By 1993 progressive rock really had found its roots again, and with bands like Anglagard and Anekdoten blowing everyone away with their modern take on 1972, a band like iQ didn't seem to have an audience, especially after such a long silence. The logical choice would've been for them to join what was now known as "Neo Prog," which had quite a large niche audience. Bands such as Marillion and Pendragon were enjoying a cult-like status and they had many emulators. Peter Nicholls was back, but could iQ regain their fans? Ever was the result. This is the album they should've done for Polygram!

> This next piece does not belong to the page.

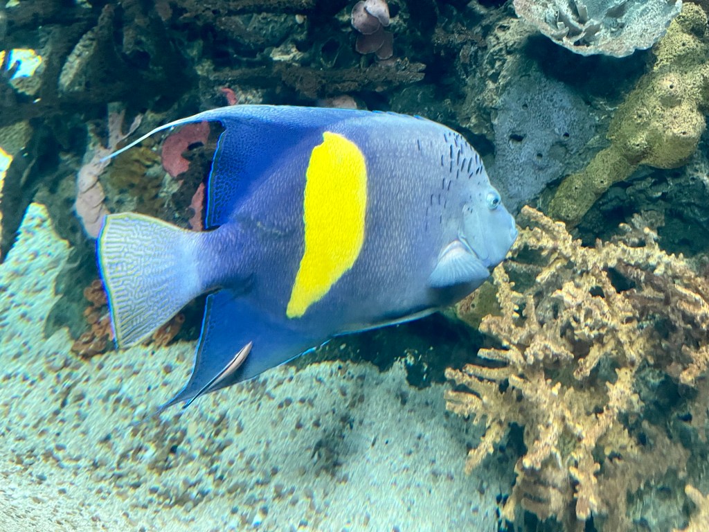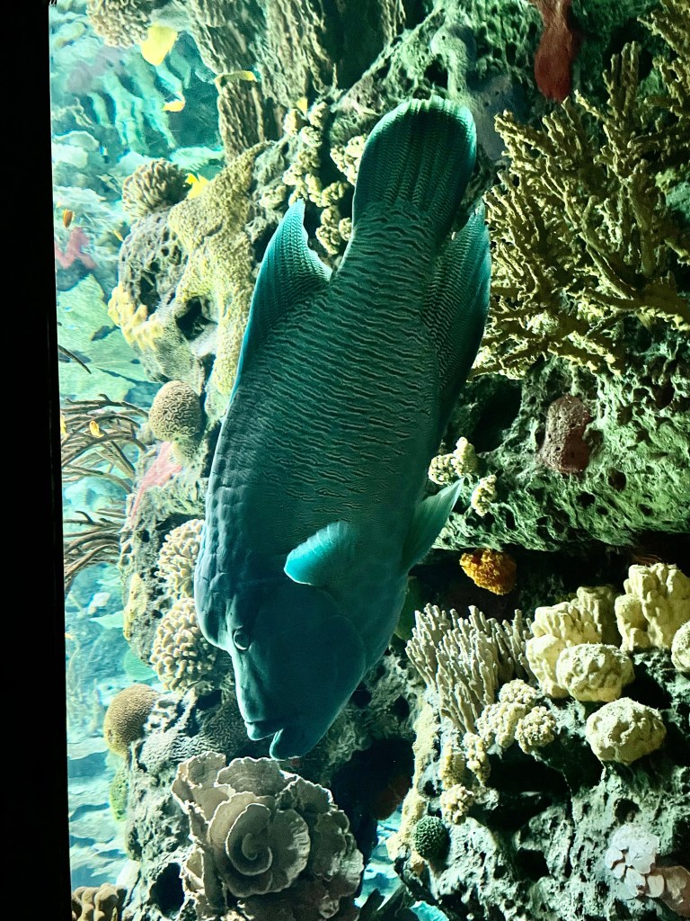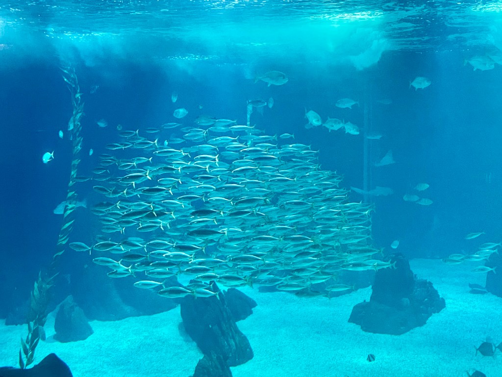 C’était très amusant de voir ce banc de poissons, ils étaient toujours groupés de n’importe quel côté qu’on les regardait, dans le grand aquarium.

Picking up right where The Wake leaves off, iQ climbed back on the tightrope. There are plenty of quirks and complicated moves to please the more discerning listener while still delivering accessible melodies for the more commercial oriented. In fact, the two-part "Fading Senses" is as good a track as iQ has ever recorded. A many segmented piece with some stunning atmospheric keyboard work and driving guitar. The two-CD follow-up Subterranea, by contrast, is an exercise in overindulgence. In keeping with the Genesis theme, this would equate to iQ's version of The Lamb Lies Down On Broadway. As with that work, this album focuses too much on lyrical content while the instrumentation and arrangements take a back seat. Still it's far better than their commercial period and there is plenty to admire overall.

iQ has released many live albums, outtakes, demos, and other such non-studio recordings. Most of these I haven't heard so I really shouldn't comment. There's also a new album, The Seventh House, which I'll include as soon as I hear it.